● **REQUIREMENT**
Copy out exactly the lines from the one with "Son - To My" through the last line of the listing below, both included, but none of the pictures.

● **DATA**
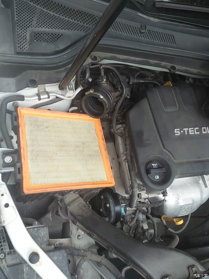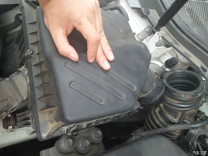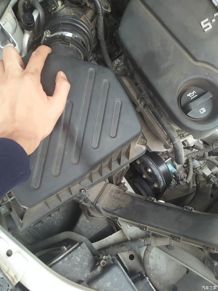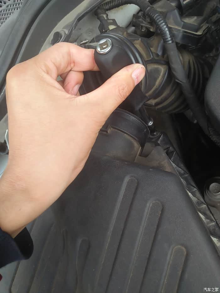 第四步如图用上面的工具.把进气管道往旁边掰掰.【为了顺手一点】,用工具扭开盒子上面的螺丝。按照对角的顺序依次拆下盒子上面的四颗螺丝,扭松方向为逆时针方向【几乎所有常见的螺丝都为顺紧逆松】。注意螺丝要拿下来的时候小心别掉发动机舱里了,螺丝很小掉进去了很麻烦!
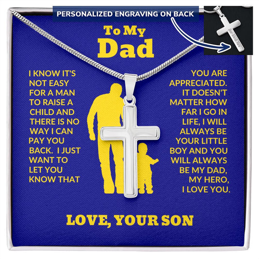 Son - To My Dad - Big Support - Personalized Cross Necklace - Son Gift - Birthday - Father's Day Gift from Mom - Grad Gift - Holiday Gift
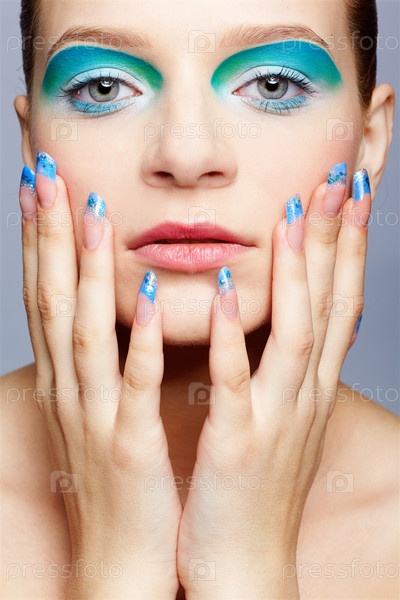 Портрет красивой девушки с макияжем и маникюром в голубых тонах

● **EXERCISE OUTPUT**
 Son - To My Dad - Big Support - Personalized Cross Necklace - Son Gift - Birthday - Father's Day Gift from Mom - Grad Gift - Holiday Gift
 Портрет красивой девушки с макияжем и маникюром в голубых тонах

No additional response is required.